(Beginning of STORED DATA)

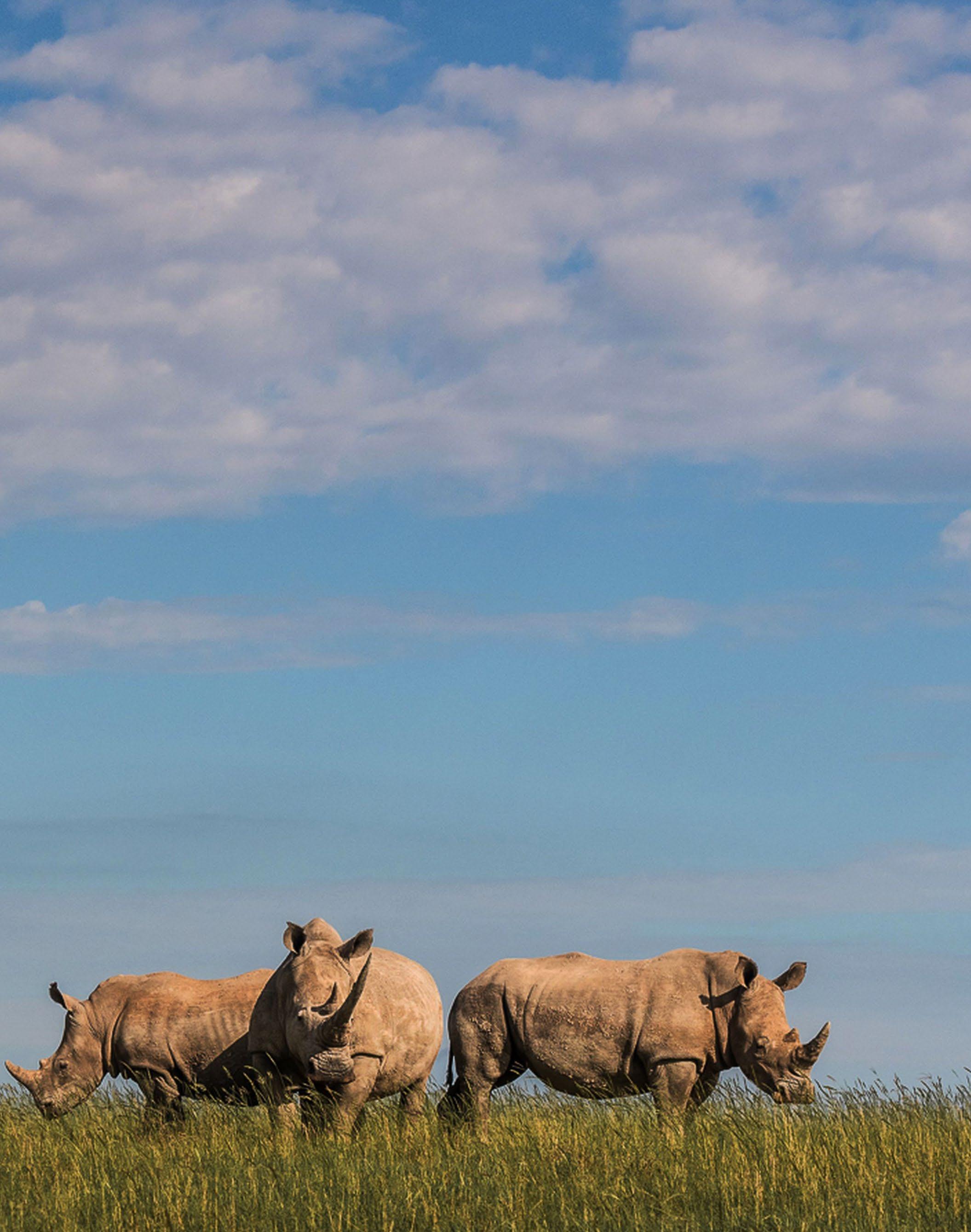 of both black and white rhino, and you have a higher than average chance of spotting a leopard. Other wildlife includes lion, hippo, the rare Rothschild’s giraffe, Colobus monkey, numerous plains game, and 450 species of birds. (BLD)
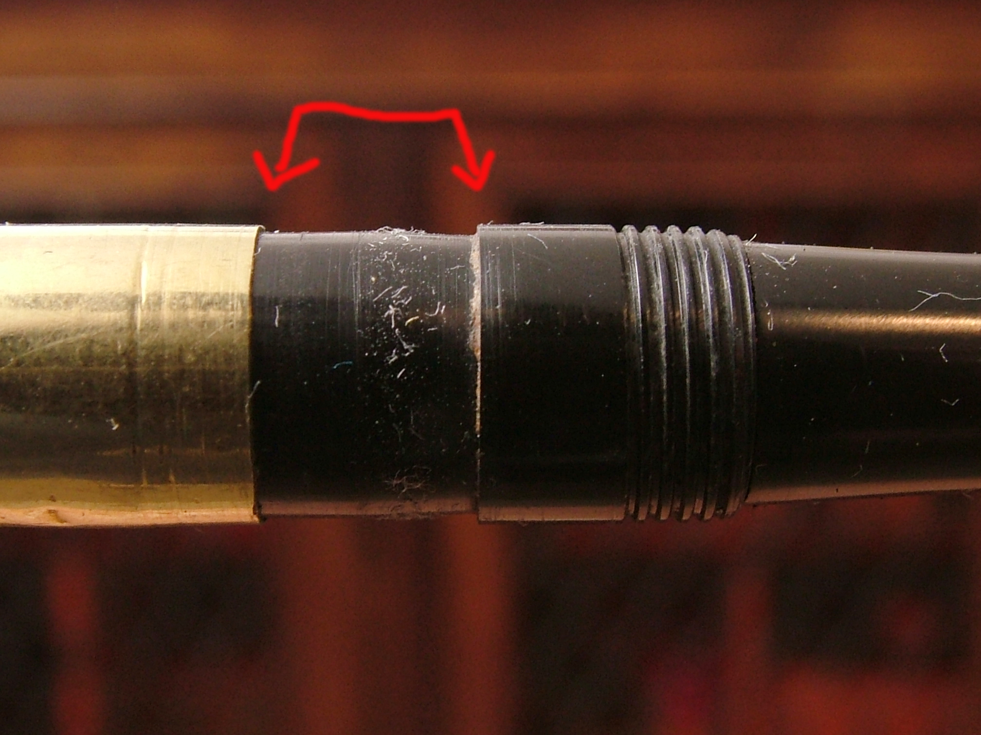 La parte del fusto in ebanite è più avanti rispetto alla laminatura creando uno scalino e dello spazio nero tra il cappuccio e il fusto.
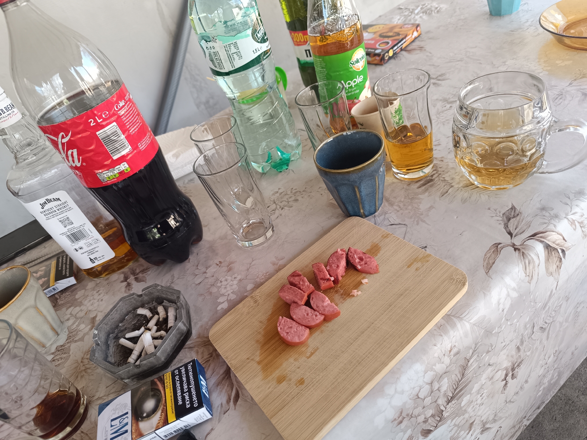 The image captures a casual, cluttered scene, likely outdoors, given the natural lighting. The main focus is a table covered with a floral-patterned tablecloth. On the table, there is an assortment of alcoholic and non-alcoholic beverages, including a bottle of Jim Beam bourbon, a 2-liter bottle of Coca-Cola, a bottle of mineral water, and a bottle of apple juice. These are accompanied by several glasses, some empty and some containing liquid. A beer stein is also present, filled with a pale liquid, presumably beer. In the center of the frame, a small wooden cutting board holds sliced sausages. Near the edge of the table, there is an ashtray filled with cigarette butts, along with a pack of L&M cigarettes. The scene suggests a gathering or a casual meal. The cigarette pack has text in Bulgarian, as well as the Coca Cola bottle, which is labeled as being 2 liters. Based on this information, the location is likely Stamboliyski, Bulgaria.
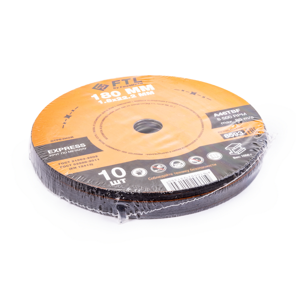 Диск отрезной по металлу FTL Express 180 х 1,8 х 22,2 мм A46TBF - расходный инструмент для ручной угловой шлифовальной машины, предназначенный для резки различных изделий из чёрных металлов (чугунов). Конструктивно представляет собой плоский диск (тип 41), поверхность которого покрыта слоем абразивных частиц. Посыпка скреплена между собой бакелитовой связкой и армирована одной стекловолоконной сеткой и тканой подложкой. Поставляется во влагозащитной упаковке. Серия EXPRESS представляет абразивный состав высокой твёрдости, оптимизированный для скоростного реза чёрных металлов. Не рекомендуется для реза изделий из нержавеющей стали во избежание перегрева, прижога, окисления, потери эффективности легирующих добавок.ИЗНОСОСТОЙКОСТЬ: Благодаря премиальной формуле режущая и шлифовальная способность абразива снижается в процессе работы значительно медленнее, позволяя выполнить больше работы.УНИКАЛЬНЫЙ СОСТАВ: Технология производства включает в себя эксклюзивный рецепт абразива и смол: применение только твёрдых составов класса ВТ1, ВТ2, армирование сеткой из стекловолокна. Высокая твёрдость связывающей смолы позволяет сделать значительно большее количество резов по сравнению с кругами с обычным абразивом.МЕТАЛЛИЧЕСКОЕ КОЛЬЦО: Металлическое кольцо на диске обеспечивает плотную посадку на фланец УШМ, исключая биения и вибрацию при работе.ГЕРМЕТИЧНОСТЬ УПАКОВКИ: Диски упакованы в специальную термоусадочную герметичную плёнку, которая предохраняет от пыли и влаги при длительном хранении в условиях повышенной влажности, на строительных объектах и крупных промышленных производствах.ПРЕИМУЩЕСТВА:По чёрному металлу (!)Тип 41 (плоский)Быстрый резСостав на базе оксида алюминияМеталлическое кольцо для плотной посадки на фланец УШМВысокая твёрдость составаВлагозащитная упаковкаКОМПЛЕКТАЦИЯ: Отрезной круг по чёрному металлу в термоусадочной плёнке со вкладышем – 10 шт.

(End of STORED DATA)

[ASSIGNMENT]: Each line from the first line of the material above through the line containing "La parte del" is to be reproduced exactly, with both ends kept and pictures left out.

[RESULT OF THIS EXERCISE]:
 of both black and white rhino, and you have a higher than average chance of spotting a leopard. Other wildlife includes lion, hippo, the rare Rothschild’s giraffe, Colobus monkey, numerous plains game, and 450 species of birds. (BLD)
 La parte del fusto in ebanite è più avanti rispetto alla laminatura creando uno scalino e dello spazio nero tra il cappuccio e il fusto.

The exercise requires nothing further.